Payments convergence is presenting payment providers with new opportunities and pressures. Revenue is shrinking for many, but payment speed, volumes and processing complexity continue to increase. Payment providers must determine how to best streamline their legacy systems to stay competitive, manage rising regulatory burdens, accommodate standardization, open banking and APIs, and ensure they’re prepared for an uncertain future. All of this while reducing the total cost of ownership of the payments infrastructure.
To that end, we see five unavoidable market forces driving payments convergence that will determine how providers will adapt their payments infrastructure to respond to the current and future demands.
- Payments revenue is under pressure; volumes are increasing.
Payment providers must determine how to make payments more cost-effective. Real-time payments, APIs and value-added overlay services on real-time payment rails are driving volumes and new use cases at a staggering rate, while card growth remains strong.

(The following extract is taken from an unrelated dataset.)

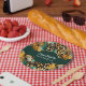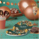 Safari-inspired paper plates featuring animal fur patterns, rich dark green leaves motifs, and accents of brown golden spots with black patches – perfect for wildlife themed parties.
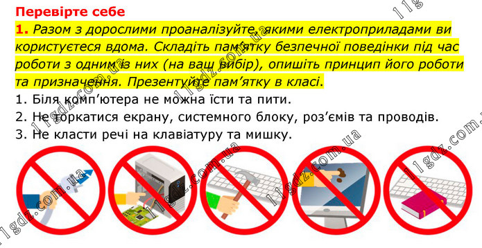 Перевірте себе 1. Разом з дорослими проаналізуйте, якими електроприладами ви користуєтеся вдома. Складіть пам’ятку безпечної поведінки під час роботи з одним із них (на ваш вибір), опишіть принцип його роботи та призначення. Презентуйте пам’ятку в класі. 1. Біля комп’ютера не можна їсти та пити. 2. Не торкатися екрану, системного блоку, роз’ємів та проводів. 3. Не класти речі на клавіатуру та мишку.

- Regulatory and compliance demands.
The faster, more open and competitive payments ecosystem has made regulatory and compliance pressures more complex and expensive for financial institutions to manage independently.
- Cost of upholding legacy infrastructures.
High payments volume, speed, processing complexity and payment innovations that require card and non-card payments systems to seamlessly intersect require that payment providers have a platform designed to accommodate.
- Changing customer expectations and an evolving payments landscape.
Payment providers are in a new competitive landscape brought on by innovative fintech and non-bank services and changing customer demands and payment preferences. Those without systems that deliver the customer value needed to maintain and grow their customer base may lose their market position.
- Time required to transition payments infrastructure.
Payments convergence is happening now: Financial institutions cannot afford to waste time and money investing in outdated legacy systems. Modernization strategies can take years to implement but early benefits can be reaped now.